Ketika membahas gaya hidup orang Hanoi , banyak orang sering mengutip pepatah: "Meski tak harum, tetaplah melati/ Meski tak anggun, tetaplah orang Trang An". Beberapa peneliti budaya meyakini pepatah ini merupakan larik "muou" dalam lagu ca tru "Thanh Thang Long" karya Nguyen Cong Tru (1778-1858). Namun, ada pendapat lain, pepatah ini merupakan lagu rakyat dari negeri Thang Long dan Nguyen Cong Tru memasukkannya ke dalam "Thanh Thang Long".

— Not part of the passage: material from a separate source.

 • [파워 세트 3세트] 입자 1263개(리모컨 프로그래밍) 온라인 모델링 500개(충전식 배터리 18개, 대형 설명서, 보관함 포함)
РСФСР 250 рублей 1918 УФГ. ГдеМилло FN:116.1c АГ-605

Banyak orang juga mengutip pepatah: "Suara orang yang beradab juga beradab/Bahkan lonceng yang dibunyikan lembut di dekat tembok kota pun berdentang" atau lagu daerah Desa Lang, "Terima kasih kepada orang yang beradab yang membawa sayur ke ibu kota". Lang adalah sebuah desa di tepi Sungai To Lich, sebelah barat ibu kota Thang Long, yang terkenal dengan budidaya sayurnya. Karena penduduk ibu kota beradab, orang-orang Lang yang membawa sayur untuk dijual juga harus beradab.

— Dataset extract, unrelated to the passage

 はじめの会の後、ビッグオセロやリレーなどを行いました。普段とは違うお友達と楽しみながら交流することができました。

Rumah Budaya Hanoi Hoang Dao Thuy.
Budayawan Hoang Dao Thuy (1900-1994) berasal dari Desa Lu di Sungai To Lich, tetapi lahir di Jalan Hang Dao. Ia telah menulis banyak buku tentang sejarah, budaya, dan kehidupan sosial di Hanoi sebelum tahun 1954, termasuk buku "Elegant Hanoi" yang diterbitkan pada tahun 1991. Ia harus belajar secara mendalam dan meneliti dengan saksama sebelum menamai buku tersebut seperti itu. Keanggunan, kehalusan, dan keanggunan adalah gaya hidup budaya. Gaya hidup ini telah melampaui naluri, mencapai rasionalitas, yaitu kesadaran, kesadaran akan diri sendiri dan komunitas.
Dalam "Deskripsi Kerajaan Tonqueen" karya Samuel Baron (diterbitkan tahun 1683), terdapat sebuah kutipan tentang orang-orang Thang Long: "Jarang sekali melihat mereka minum-minum dengan wajah memerah di jalan atau tergeletak mabuk." Saat menjenguk orang sakit, mereka tidak bertanya langsung: "Bagaimana keadaanmu?" tetapi dengan sangat bijaksana: "Sudah berapa mangkuk nasi yang kau makan akhir-akhir ini." Ayah Baron adalah orang Belanda, ibunya berasal dari Thang Long. Ia tinggal di Thang Long selama beberapa dekade, dan bekerja cukup lama untuk Perusahaan Hindia Timur Britania.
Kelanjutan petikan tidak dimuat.